Localized scleroderma is more common in children. In adults, it affects women more often than men. It can appear between the ages of 20 and 50. It is characterized by one or more hard, oval-shaped, whitish or darkened patches of skin.
This condition can affect many parts of the body, such as the skin, blood vessels, digestive system, heart, lungs, kidneys, muscles and joints. Thirty percent of people with scleroderma have this type. Systemic sclerosis may be classified as either limited or diffuse. This kind affects the skin on the face, fingers and hands, and lower arms and legs. For many people, the first symptoms of systemic sclerosis are Raynaud’s phenomenon and puffy fingers, which can begin several years before other symptoms. If internal organs are involved, it tends to be mild.

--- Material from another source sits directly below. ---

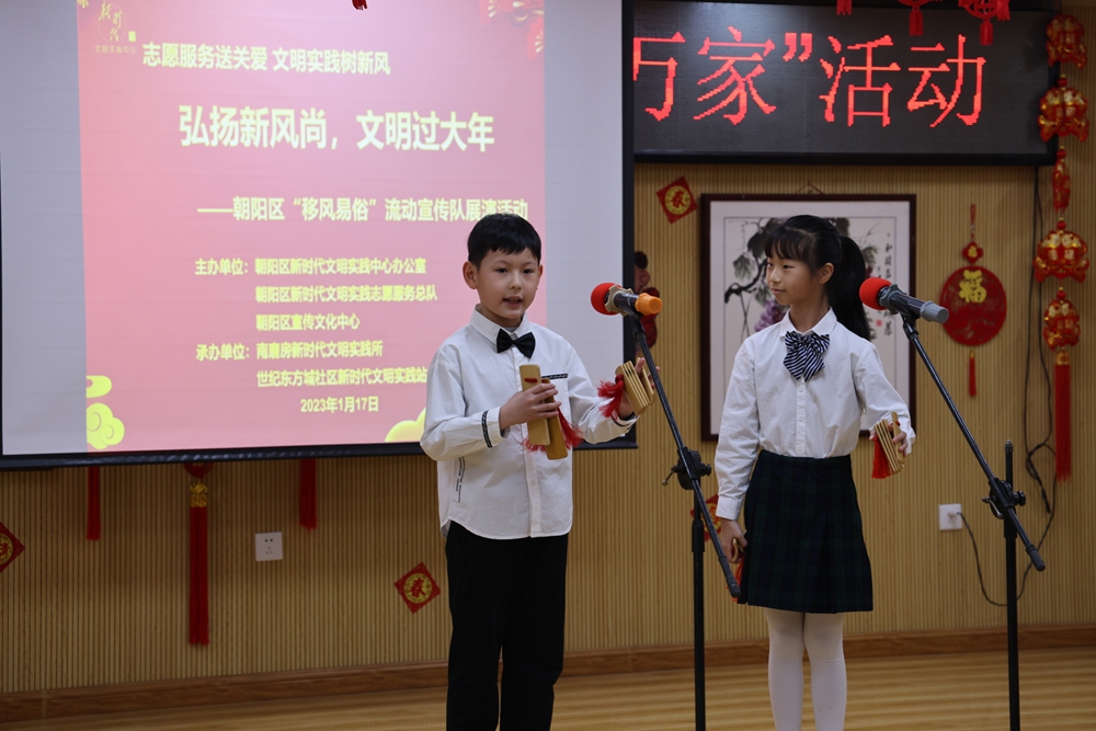 “偉大首都北京城,日新月異往前行。國泰民安多昌盛,方方面面展新容。昂首闊步齊奮斗,我們朝陽,霞光萬道披彩虹……” 農(nóng)歷臘月二十六,循著一陣陣歡快的快板說唱聲,記者來到朝陽區(qū)世紀(jì)東方城社區(qū)新時(shí)代文明實(shí)踐站“黨的聲音進(jìn)萬家 弘揚(yáng)新風(fēng)尚,文明過大年”活動(dòng)演出現(xiàn)場。北京市朝陽區(qū)新時(shí)代文明實(shí)踐“移風(fēng)易俗”流動(dòng)宣傳隊(duì)的志愿者們,正在深入宣傳黨的二十大精神,將一個(gè)個(gè)倡導(dǎo)文明新風(fēng)的原創(chuàng)節(jié)目送到社區(qū)群眾身邊,送上新春“文藝+理論”大禮包。

However, some people experience severe Raynaud’s phenomenon, gastrointestinal problems or serious effects on the lungs. Some patients with limited scleroderma also have CREST syndrome. CREST is an acronym using the first letter of five conditions: calcinosis, Raynaud’s phenomenon, esophageal dysmotility, sclerodactyly and telangiectasia. It may affect any part of the body, especially the hands, arms, thighs, chest, abdomen and face.
Itching, decreased flexibility and pain can also occur. Diffuse scleroderma may affect the blood vessels, heart, joints, muscles, esophagus, intestines and lungs. The severity of internal organ involvement varies. Kidney problems may lead to high blood pressure and, if untreated, kidney failure. Lung damage is the leading cause of death with this condition.